§ WORK TO BE COMPLETED
What is needed is a word-for-word transcript of the listing, free of pictures.

§ EXERCISE INPUT
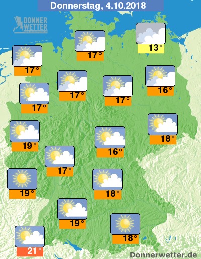 Nach Auflösung von Nebelfeldern scheint verbreitet die Sonne von einem meist nur leicht bewölkten Himmel. Nur im Norden ziehen teilweise dichtere Wolken vorüber und örtlich kann es etwas tröpfeln oder zu leichten Schauern kommen. Nach kühlem Morgen erwärmt sich die Luft mit der Kraft der Oktobersonne immerhin schon auf 15 bis 19 Grad, am Oberrhein und im Markgräflerland sind bereits schon Werte von über 20 Grad möglich. Kühler bleibt es allerdings noch im Ostseeumfeld.
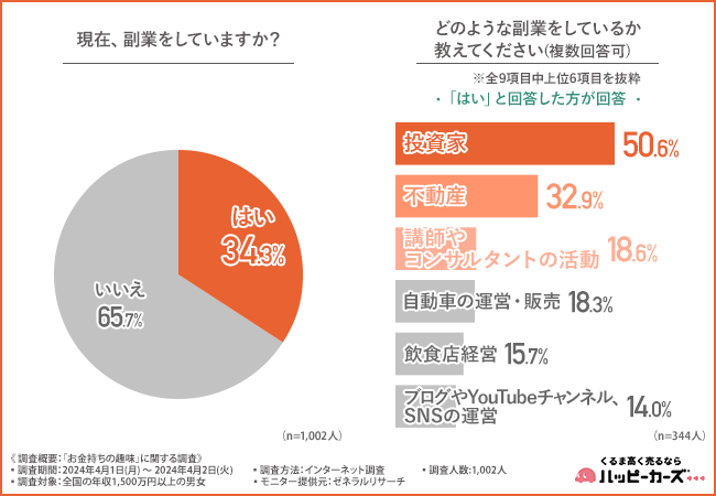 【年収1,500万円以上の男女】約3人に1人は副業をしていると回答!趣味を副業にするメリットは…
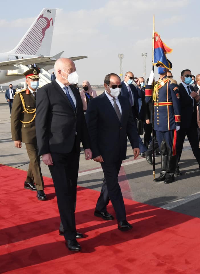 "استقبل السيد الرئيس عبد الفتاح السيسي بعد ظهر اليوم بمطار القاهرة اخيه الرئيس التونسي قيس سعيد الذي يحل ضيفاً عزيزاً علي مصر في زيارة رسمية لمدة ثلاثة ايام".
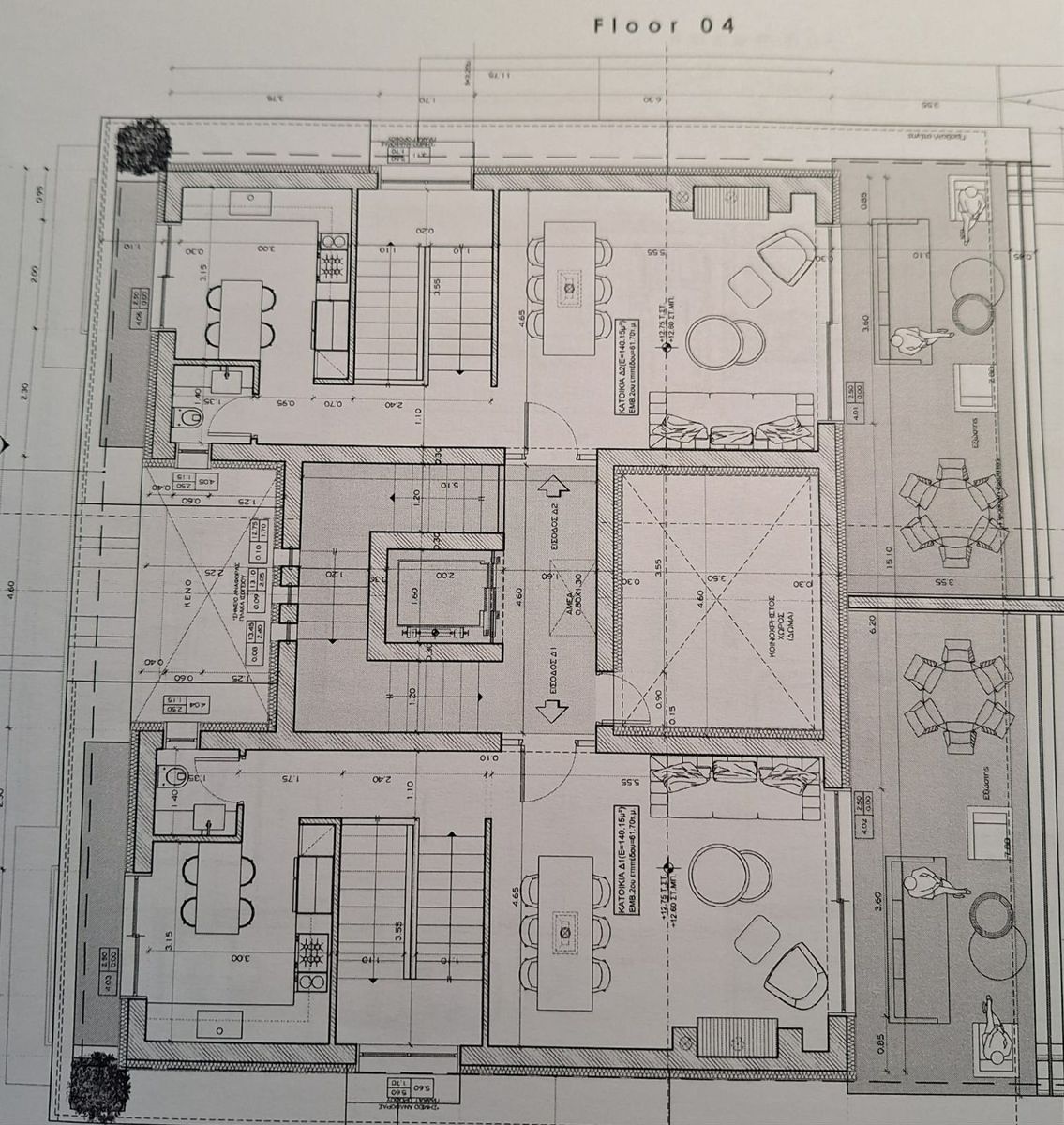 Ο 4ος όροφος φιλοξενεί έναν φωτεινό χώρο καθιστικού και τραπεζαρίας, ξεχωριστή κουζίνα και WC επισκεπτών. Τα μεγάλα ανοίγματα προσφέρουν άπλετο φυσικό φως, ενισχύοντας την αίσθηση άνεσης και ευρυχωρίας.
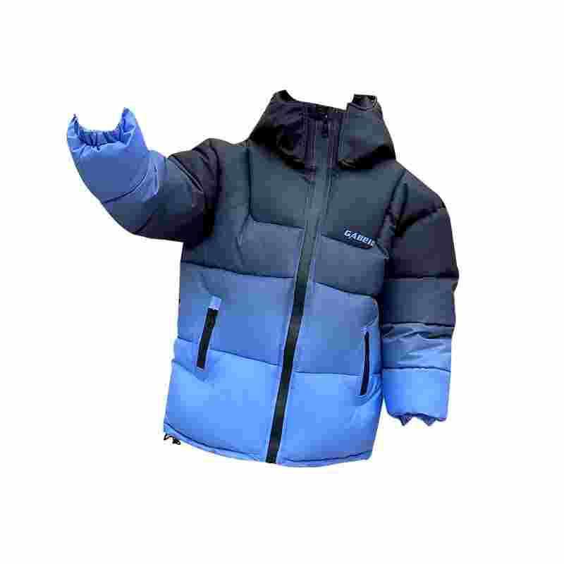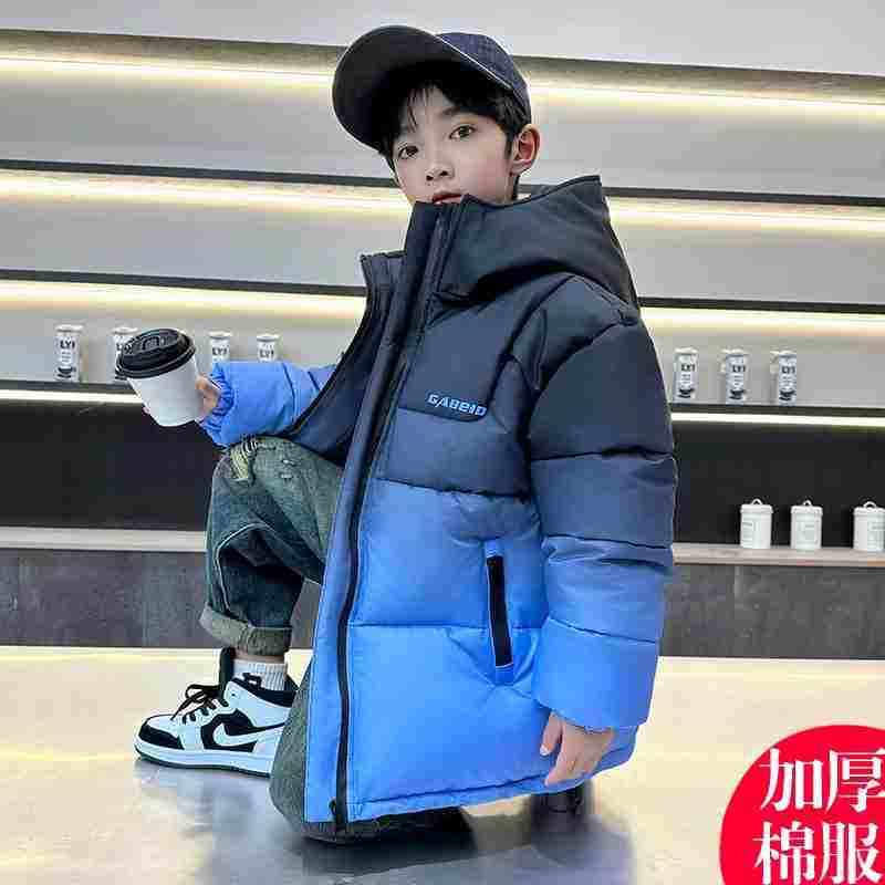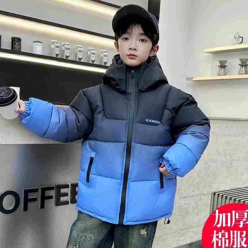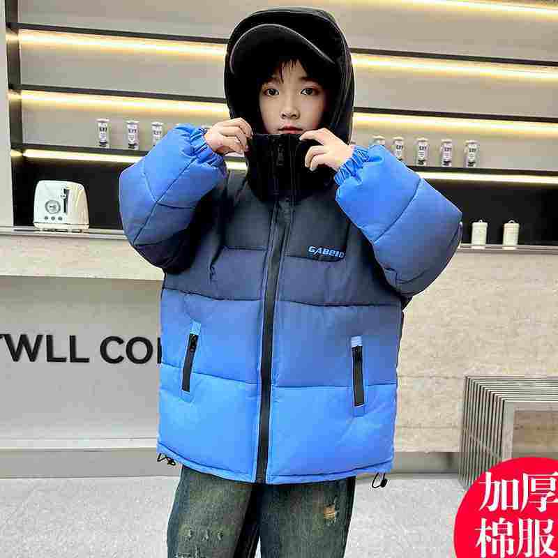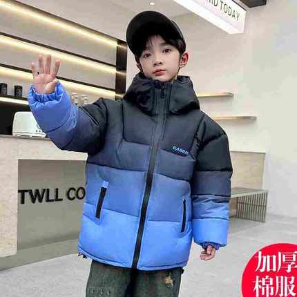 男大童冬季渐变蓝色连帽羽绒棉衣2025新款儿童冬装加厚棉服外套潮
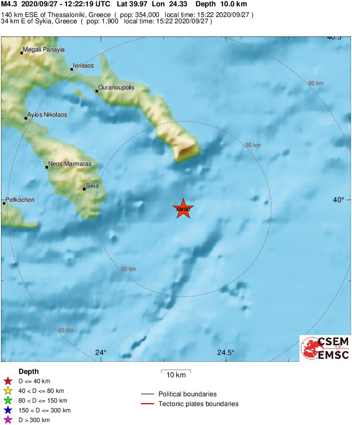 Έντονη σεισμική δραστηριότητα παρατηρείται σήμερα, Κυριακή, στον θαλάσσιο χώρο νότια της Χαλκιδικής.
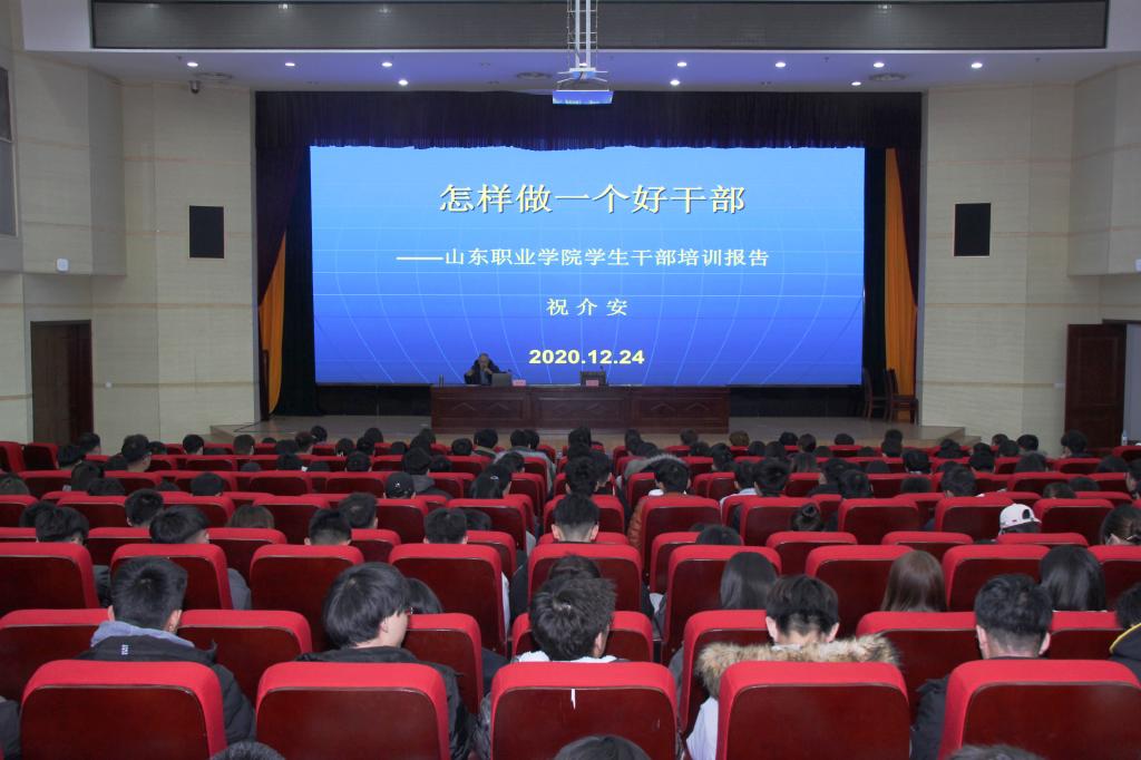 为提升学生干部工作能力,增强学生干部的服务意识。12月24日,我校在图书行政楼西报告厅举行学生干部培训会。学校纪委书记祝介安以“怎样做一名好干部”为题做了辅导报告。培训会由学团党总支书记郭亭主持。

§ ANSWER TO THIS PROBLEM
 Nach Auflösung von Nebelfeldern scheint verbreitet die Sonne von einem meist nur leicht bewölkten Himmel. Nur im Norden ziehen teilweise dichtere Wolken vorüber und örtlich kann es etwas tröpfeln oder zu leichten Schauern kommen. Nach kühlem Morgen erwärmt sich die Luft mit der Kraft der Oktobersonne immerhin schon auf 15 bis 19 Grad, am Oberrhein und im Markgräflerland sind bereits schon Werte von über 20 Grad möglich. Kühler bleibt es allerdings noch im Ostseeumfeld.
 【年収1,500万円以上の男女】約3人に1人は副業をしていると回答!趣味を副業にするメリットは…
 "استقبل السيد الرئيس عبد الفتاح السيسي بعد ظهر اليوم بمطار القاهرة اخيه الرئيس التونسي قيس سعيد الذي يحل ضيفاً عزيزاً علي مصر في زيارة رسمية لمدة ثلاثة ايام".
 Ο 4ος όροφος φιλοξενεί έναν φωτεινό χώρο καθιστικού και τραπεζαρίας, ξεχωριστή κουζίνα και WC επισκεπτών. Τα μεγάλα ανοίγματα προσφέρουν άπλετο φυσικό φως, ενισχύοντας την αίσθηση άνεσης και ευρυχωρίας.
 男大童冬季渐变蓝色连帽羽绒棉衣2025新款儿童冬装加厚棉服外套潮
 Έντονη σεισμική δραστηριότητα παρατηρείται σήμερα, Κυριακή, στον θαλάσσιο χώρο νότια της Χαλκιδικής.
 为提升学生干部工作能力,增强学生干部的服务意识。12月24日,我校在图书行政楼西报告厅举行学生干部培训会。学校纪委书记祝介安以“怎样做一名好干部”为题做了辅导报告。培训会由学团党总支书记郭亭主持。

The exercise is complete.